HOUSING

Don't push us off the precipice

The sudden increase in the PWLB lending rate has the potential to cripple local authorities’ ability to deliver affordable homes in an already financially challenging environment, explains Cllr Sharon Taylor.

On 9 October, we received the shocking news of another government sideswipe at local government funding. Overnight, and with no prior notice or consultation, the Treasury had added an increase of 1% to the cost of borrowing from the Public Works Loan Board (PWLB), and thus for many of us requiring a very significant and difficult re-calculation of the housing business plans attached to our Housing Revenue Accounts.

Long-term planning for housing spend is essential, whether that is to undertake the continuous improvement to our existing housing stock or to provide the desperately needed new council homes for the families on our waiting lists. For my council the 30-year business plan had literally just been completed the week before, incorporating the borrowing we needed, and could reasonably pay back, to enable both programmes. It is important to note that this is not the first complete revision we have had to undertake as government rent policy introduced in 2016 at a stroke took £225m out of our housing business plan.

In Stevenage we have delivered 174 new homes in the last 18 months and had hoped to accelerate the pipeline of a further 300 homes to cope with the increasing levels of homelessness we are facing as a result of the lack of affordability in the private rented sector. Our careful calculations about the level we could afford to borrow from the PWLB were blown out of the water by this unexpected rate rise and will require a huge recalculation of our housing plans. It will almost certainly affect our ability to build good quality, affordable homes at the scale we need to meet the demand for our area.

There is a further impact for councils' house building plans. In order to spend our right to buy receipts to deliver new housing (and we only keep a third of the discounted price) the retained receipts must be match-funded by the local authority and where housing plans had intended to do that through borrowing, this rate rise may mean councils will not have sufficient match funding, not be able to spend within the Government's strict time limits and more right to buy receipts will have to be returned to the Government.

There is also a potential impact to the emerging General Fund budgets for the coming year where these had taken into account prudential borrowing for commercial property in order to achieve income to help us support our valued services.

With more than 60 pence in every pound cut from local government funding, we have all been seeking ways of supporting the services we provide and which are so important to our local communities. We cannot increase council tax, which for next year is capped at 2%, the return on increases to fees and charges is a limited pot as if charges are increased too steeply there is simply a diminishing return as people cut back on the services they use.

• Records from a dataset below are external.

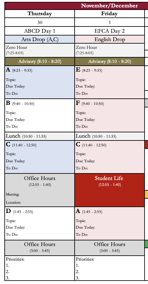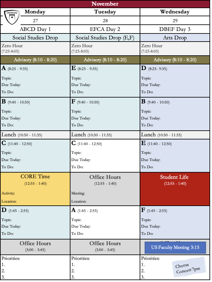 Freshmen who sat for the PreACT on October 20 can pick up score reports from their college counselor. If you’d like access to your PreACT test booklet, please see Mrs. Kulp in room 606 any time before Friday, Dec. 15.
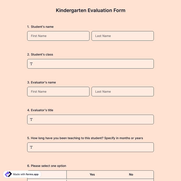 Would you like to find out more about children in kindergarten online? With the kindergarten evaluation form template, you quickly learn what children need. If you want to create forms without the need for coding knowledge, use forms.app in no time!
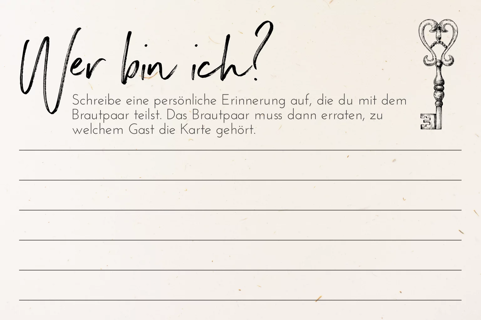 "Wer bin ich?" Spiel zur Unterhaltung der Gäste auf der Hochzeitsfeier. Die Postkarte aus Recyclingpapier mit Schlüssel in schwarz ist eine schöne Erinnerung für das Brautpaar an den großen Tag.
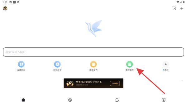 1、進入清理入口:打開迅雷APP主界面,點擊中間功能區(qū)的清理助手圖標,進入記錄管理頁面。
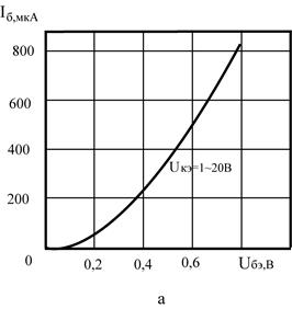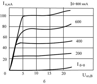 Для анализа работы транзистора и для расчетов схем при больших сигналах часто используют вольт-амперную характеристику (ВАХ) транзистора. На рис. 1.13 показаны типовые ВАХ маломощного биполярного транзистора по схеме включения с ОЭ. Зависимость между током и напряжением во входной цепи транзистора IБ=f1(UБЭ) называют входной или базовой характеристикой транзистора (рис. 1.13,а). Зависимость тока коллектора от напряжения между коллектором и эмиттером при фиксированных значениях тока базы IК=f2(UКЭ)|Iб=const называют семейством выходных (коллекторных) ВАХ транзистора (рис. 1.1.13,б). Входная характеристика практически не зависит от напряжения UКЭ, а выходные приблизительно равноудалены друг от друга и почти прямолинейны в широком диапазоне изменения напряжения UКЭ. Для аналитических расчетов устройств с биполярными транзисторами используют h-параметры транзисторов.

For many councils, this year is the first when they receive no revenue support grant from government at all. That is why some councils have looked to invest in commercial property using borrowing from the PWLB which then delivers an income stream. There have been various approaches to this with most councils using their investments to support their local economy.

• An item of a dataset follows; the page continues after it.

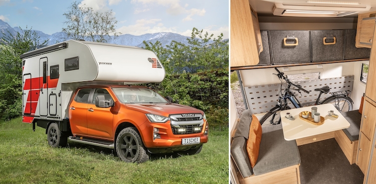 Dieses neue, von TISCHER auf Basis der langen Erfahrung für Individualaufbauten entwickelte Kabinenmodell gibt es am Messestand exemplarisch auf einem ISUZU D-MAX Doppelkabiner zu sehen. Ein typisches Merkmal von Flachpritschen-Pick-ups ist ihre durchgehend ebene, großzügige Ladefläche, die nicht durch hochstehende Radhäuser beschränkt wird. Damit haben die TISCHER Konstrukteure mehr Spielraum und Optionen beim Planen des Grundrisses und der Inneneinrichtung. Aufteilung und Möblierung können flexibler vorgenommen werden, wobei das Auf- und Absetzen genauso schnell und mühelos funktioniert wie bei allen anderen TISCHER Modellen. Passend für sportliche und individuelle Outdoor-Fans lassen sich in die neue Flatbed-Kabine mehr Wohnideen nach persönlichen Wünschen hineinpacken. Dabei kann TISCHER durch Manufakturfertigung selbst ungewöhnliche Pläne realisieren: z. B. mehr Schlafplätze im Kabineninneren,ein platzsparendes Stockbett für Kinder, eine U-Sitzgruppe zum Essen und geräumigere Küchenmöbel bis hinunter zum Boden. Auf Wunsch ist deutlich mehr Stauraum ebenso möglich wie größere Fenster und eine multifunktionale Sitzgruppe im Heck der Kabine. Sie kann durch einfaches, schnelles Hochklappen zur geschützten"Innengarage"für Fahrrad, E-Bike, Kite, Kajak, Golf-Bag, Kinderwagen oder Buggy verwandelt werden.

There are, of course, some notable exceptions to this where councils have made very high levels of investments in commercial property but if these are outliers, it must surely have been within the Government's scope to tackle the exceptional cases rather than use the blunt instrument of a penalty for the whole of local government.

It is astonishing that at a time when Government is urging local government to help tackle a desperate housing crisis, when they have cut our funding to a level that many councils are on the edge of a dangerous financial precipice and when they are constantly stressing that we should be seeking innovative solutions to help us through the financial puzzle we all face, that they unbelievably pull this particular rug out from under our feet with no prior notice. It is long past time that we had a proper compact between central and local government which required such changes in policy to be discussed between both parties.

We must make the strongest possible representations to the Treasury that this rate rise could have untold consequences to the delivery of affordable homes and to the ability of councils to steer a path through the troubled waters of local government funding. I hope they will have a rapid re-think and a proper debate with local government about why they felt this move to be necessary.